▼

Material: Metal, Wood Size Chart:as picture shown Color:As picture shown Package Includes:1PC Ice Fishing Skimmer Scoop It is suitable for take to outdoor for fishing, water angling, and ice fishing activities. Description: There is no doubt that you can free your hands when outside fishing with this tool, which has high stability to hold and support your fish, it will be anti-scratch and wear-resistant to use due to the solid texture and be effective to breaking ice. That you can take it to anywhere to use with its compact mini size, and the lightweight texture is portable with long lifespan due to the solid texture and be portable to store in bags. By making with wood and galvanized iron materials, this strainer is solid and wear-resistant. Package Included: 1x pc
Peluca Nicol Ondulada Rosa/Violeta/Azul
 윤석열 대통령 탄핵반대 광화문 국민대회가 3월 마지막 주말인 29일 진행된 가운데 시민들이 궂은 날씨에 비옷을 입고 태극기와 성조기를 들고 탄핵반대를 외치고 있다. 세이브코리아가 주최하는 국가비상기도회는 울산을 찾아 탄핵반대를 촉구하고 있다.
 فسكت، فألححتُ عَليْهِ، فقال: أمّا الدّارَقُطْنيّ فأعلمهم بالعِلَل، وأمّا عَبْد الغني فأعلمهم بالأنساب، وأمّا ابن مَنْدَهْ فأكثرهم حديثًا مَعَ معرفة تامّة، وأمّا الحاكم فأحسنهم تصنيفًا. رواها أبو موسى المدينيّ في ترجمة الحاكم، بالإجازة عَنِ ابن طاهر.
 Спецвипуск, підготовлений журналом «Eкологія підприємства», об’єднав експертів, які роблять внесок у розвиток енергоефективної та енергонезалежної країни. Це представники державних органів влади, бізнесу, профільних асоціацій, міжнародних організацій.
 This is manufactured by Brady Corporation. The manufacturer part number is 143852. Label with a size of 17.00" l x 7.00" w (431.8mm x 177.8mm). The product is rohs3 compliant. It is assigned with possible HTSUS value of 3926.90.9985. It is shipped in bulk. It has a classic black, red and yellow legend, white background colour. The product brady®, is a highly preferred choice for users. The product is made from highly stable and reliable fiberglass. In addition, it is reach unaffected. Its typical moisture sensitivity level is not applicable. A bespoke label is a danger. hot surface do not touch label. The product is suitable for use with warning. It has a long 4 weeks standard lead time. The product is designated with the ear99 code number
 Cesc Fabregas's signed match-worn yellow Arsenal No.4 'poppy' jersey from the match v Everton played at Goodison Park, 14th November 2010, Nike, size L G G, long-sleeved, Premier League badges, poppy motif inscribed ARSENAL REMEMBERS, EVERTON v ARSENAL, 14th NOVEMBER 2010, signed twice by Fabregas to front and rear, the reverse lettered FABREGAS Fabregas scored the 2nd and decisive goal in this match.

▲
▼

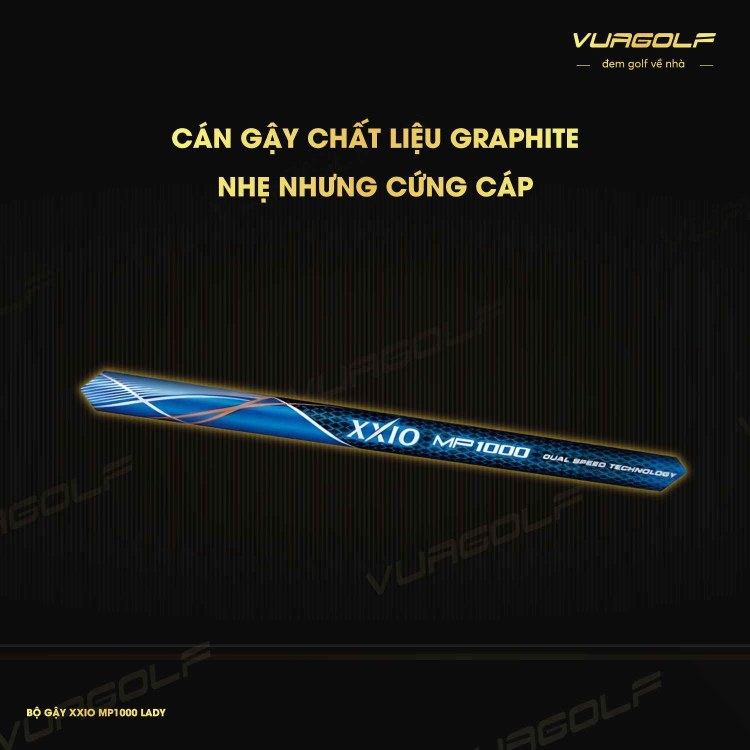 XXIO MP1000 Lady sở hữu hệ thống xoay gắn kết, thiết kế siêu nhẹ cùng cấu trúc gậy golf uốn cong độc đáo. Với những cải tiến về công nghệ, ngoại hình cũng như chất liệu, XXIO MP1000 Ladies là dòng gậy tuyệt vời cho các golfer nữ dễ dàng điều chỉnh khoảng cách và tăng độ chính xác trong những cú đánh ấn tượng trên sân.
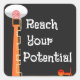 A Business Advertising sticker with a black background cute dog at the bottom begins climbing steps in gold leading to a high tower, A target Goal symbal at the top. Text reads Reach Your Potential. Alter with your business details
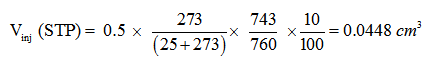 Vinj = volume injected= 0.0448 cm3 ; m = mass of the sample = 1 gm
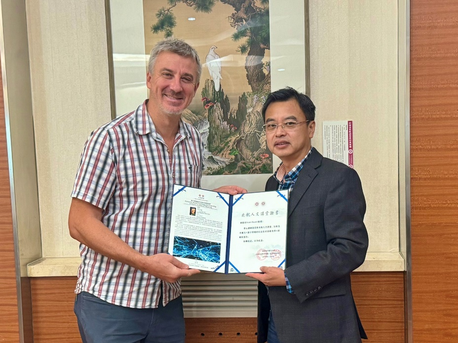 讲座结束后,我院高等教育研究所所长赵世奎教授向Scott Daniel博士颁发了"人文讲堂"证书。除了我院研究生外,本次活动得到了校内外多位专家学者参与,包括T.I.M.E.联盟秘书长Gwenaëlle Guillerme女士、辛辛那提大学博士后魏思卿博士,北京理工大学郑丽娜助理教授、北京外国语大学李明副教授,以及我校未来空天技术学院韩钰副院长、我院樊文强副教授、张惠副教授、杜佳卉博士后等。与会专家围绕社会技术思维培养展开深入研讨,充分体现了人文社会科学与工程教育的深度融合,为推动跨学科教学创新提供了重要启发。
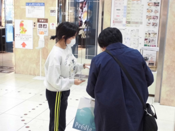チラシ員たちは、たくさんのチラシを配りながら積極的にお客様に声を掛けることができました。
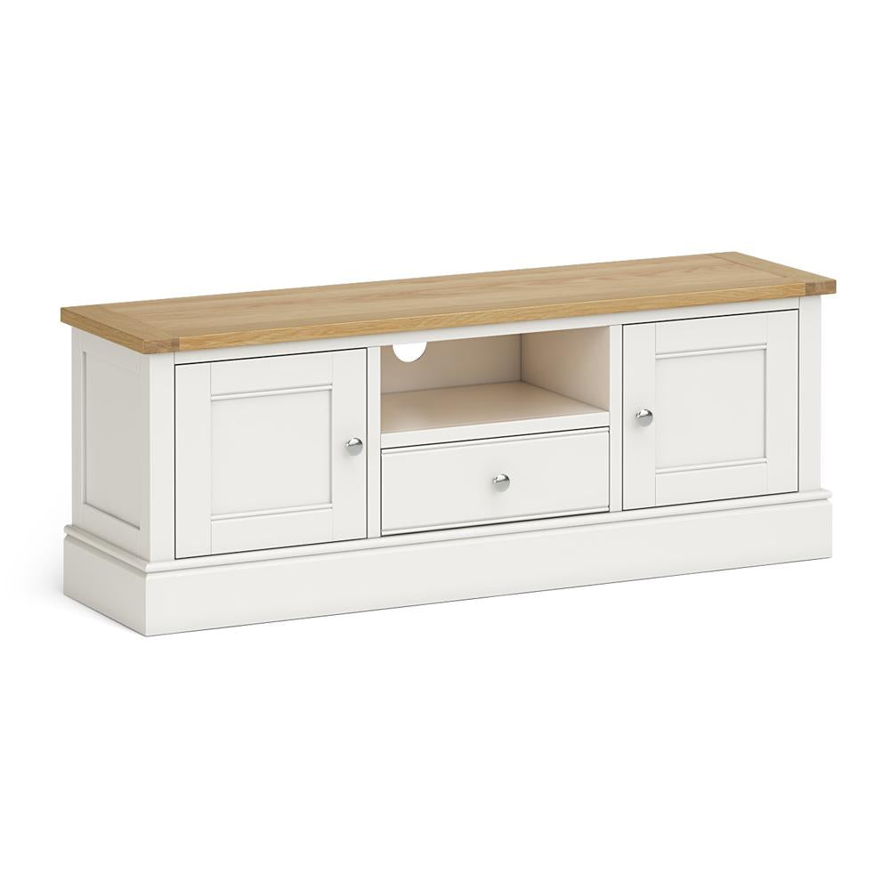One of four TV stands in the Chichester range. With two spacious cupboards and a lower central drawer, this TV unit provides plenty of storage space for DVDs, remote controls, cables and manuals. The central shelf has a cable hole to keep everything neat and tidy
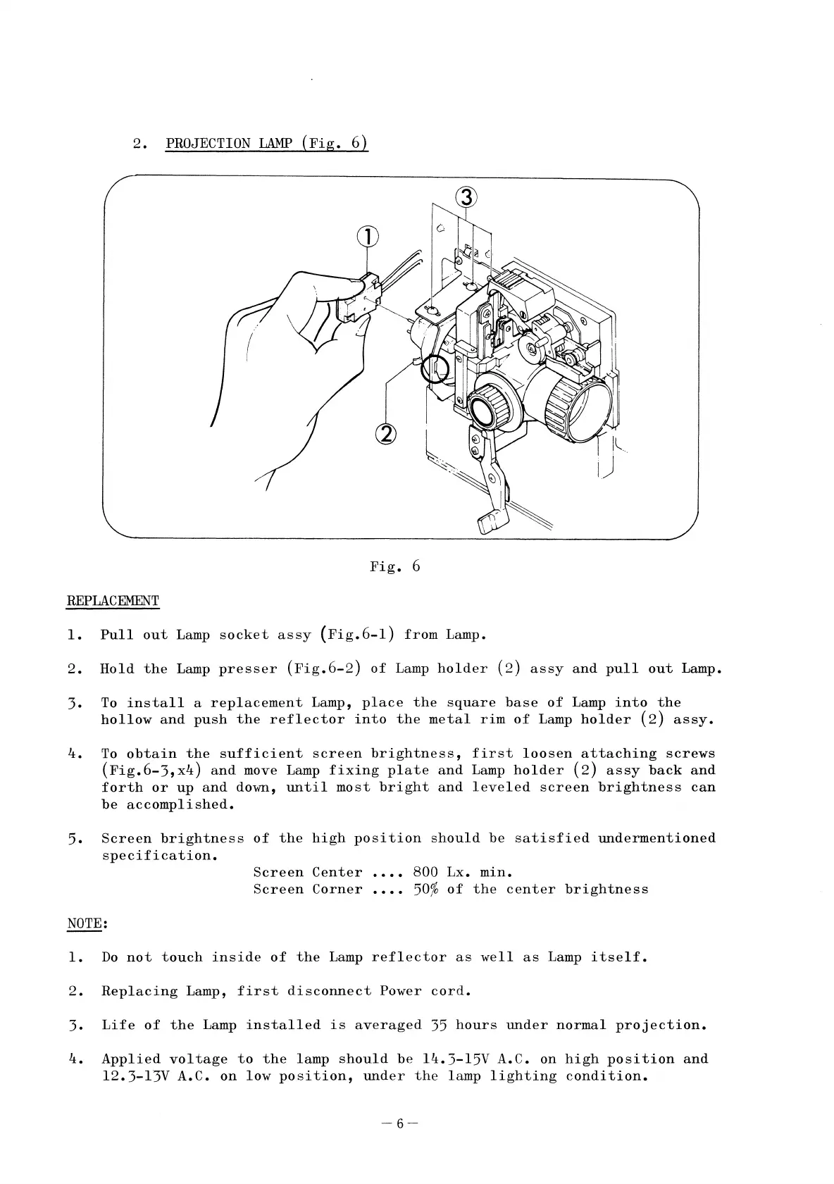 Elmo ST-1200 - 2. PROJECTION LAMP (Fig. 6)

▲

Look through the material above. Copy each line where the word "yellow" appears.

> RESULT:
 This is manufactured by Brady Corporation. The manufacturer part number is 143852. Label with a size of 17.00" l x 7.00" w (431.8mm x 177.8mm). The product is rohs3 compliant. It is assigned with possible HTSUS value of 3926.90.9985. It is shipped in bulk. It has a classic black, red and yellow legend, white background colour. The product brady®, is a highly preferred choice for users. The product is made from highly stable and reliable fiberglass. In addition, it is reach unaffected. Its typical moisture sensitivity level is not applicable. A bespoke label is a danger. hot surface do not touch label. The product is suitable for use with warning. It has a long 4 weeks standard lead time. The product is designated with the ear99 code number
 Cesc Fabregas's signed match-worn yellow Arsenal No.4 'poppy' jersey from the match v Everton played at Goodison Park, 14th November 2010, Nike, size L G G, long-sleeved, Premier League badges, poppy motif inscribed ARSENAL REMEMBERS, EVERTON v ARSENAL, 14th NOVEMBER 2010, signed twice by Fabregas to front and rear, the reverse lettered FABREGAS Fabregas scored the 2nd and decisive goal in this match.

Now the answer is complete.